# Do I need to switch from pen to crate or can I do both?



## Lisa Tintner (May 4, 2017)

So my puppy is 5 months on Monday. She originally was left in her crate when i left and pen when I was home but wanted her confined. this worked pretty good when I got her home at 11 weeks she did good about 3 hours didn’t cry. I used to have her in her pen when I work at home but I work about 2 feet from her. I assumed since she was good when I left occasionally since she was good in her crate at night when we slept she would be fine confined when i left. I didn’t leave often i would always confine her tho. Until one day i had a meeting and had to leave for a few hours. Watched her on the nest cam and she after an hour or so was crying in the pen. I hadn’t been leaving frequently so then I realized she’s fine in the crate or pen as long as I’m home. So I started planning to leave and was training her in her crate when I left. around 16 weeks old we had robbery in our building and i was robbed - so i was very upset w crime in our neighborhood and it led me to not want to leave for a while as well as I was sick for about two weeks. So essentially after not leaving her alone for 2 weeks and bringing her everywhere with me i knew i had to get back to training or she would never be ok alone. She is always ok alone in the pen or crate as long as I’m here sometime will whimper and whine now that she’s older. . So since she was 19 weeks old (during the last 3 weeks)i have had her in an xpen and leaving for 2 hours in am and 2 hours in pm. Based on recommendation from the trainer just leave twice a day so she gets used to it. She sleeps for about 1 hour 15 min then she wakes up and cries and walks around and paws at the bars. She settles every so often Like she cries on and off and paws the pen for like 30-45 minutes intermittently almost non stop stopping for a min or a few seconds. then will go back to sleep a while (which could be anywhere from 30 seconds to 30 minutes) she’s very confident, isn’t afraid of anything or anyone (Dog or people) she’s very curious - so the trainer says the crying is trying to get her way so just leave her. 

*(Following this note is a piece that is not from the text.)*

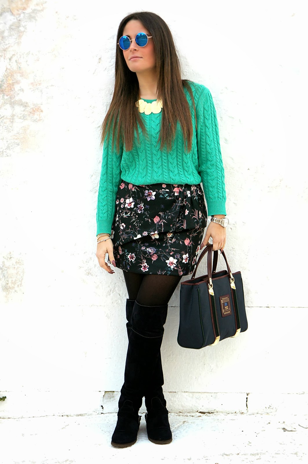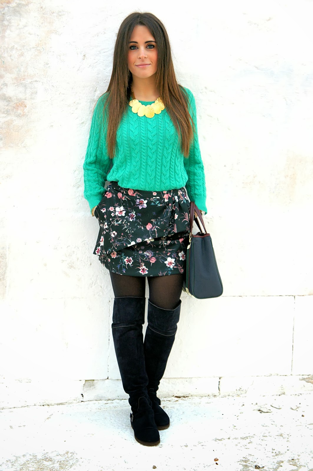Adoro il maglioncino color menta, e la gonna floreale è un tocco davvero speciale. Bellissimo look!

Now after training with success the last week with the pen (meaning the crying is less intense) I realized I have a situation when planning for Xmas at my family house - essentially I plan to have her in the pen or crate when I leave always. I feel better knowing she’s safe. She’s now been being trained in the pen with the crate in the pen with the crate door off but she hardly goes in there but a min or two when I’m gone. She does sleep in her crate with door closed all night from 9pm -7:30am and rarely has to get up to pee. So I know she likes the crate and will go in on her own when she’s tired occasionally w the door open or closed

So here is my dilemma. I have to go to my family house for Xmas and she’s gonna have to be in the crate if i have to leave my moms or my brothers and started thinking about if someone ever had to pet sit her ahe needs to be ok in a crate cuz i won’t have a pen to carry my pen is heavy and just want her to be used to being in her crate when I leave as I can’t carry the pen everywhere. So now that I’ve been training her in the xpen do I have to switch back to the crate? I would like her to be able to use both so that if I leave for a while she can be in the pen or crate. I just don’t know if it’s best to pick one method or can they be trained to use both. I feel like I need to stick to the crate so she always knows that’s where she goes whether she’s at home or someone else’s house and we have to leave. I eventually want to take the pen down as I’m using it to help confine her when I’m home and have to cook or can’t watch her. But now she’s 5 months and I have spent the last 3 weeks training her in the pen. Can I just switch to the crate or am I now going to stop my progress and confuse her? I don’t want to back track but I want her to be able to go to Xmas at my moms and be ok in her crate and now I realized well now she’s used to me leaving when she’s in her pen. 

Thoughts on what I should do or how they adjust to both and can they?


----------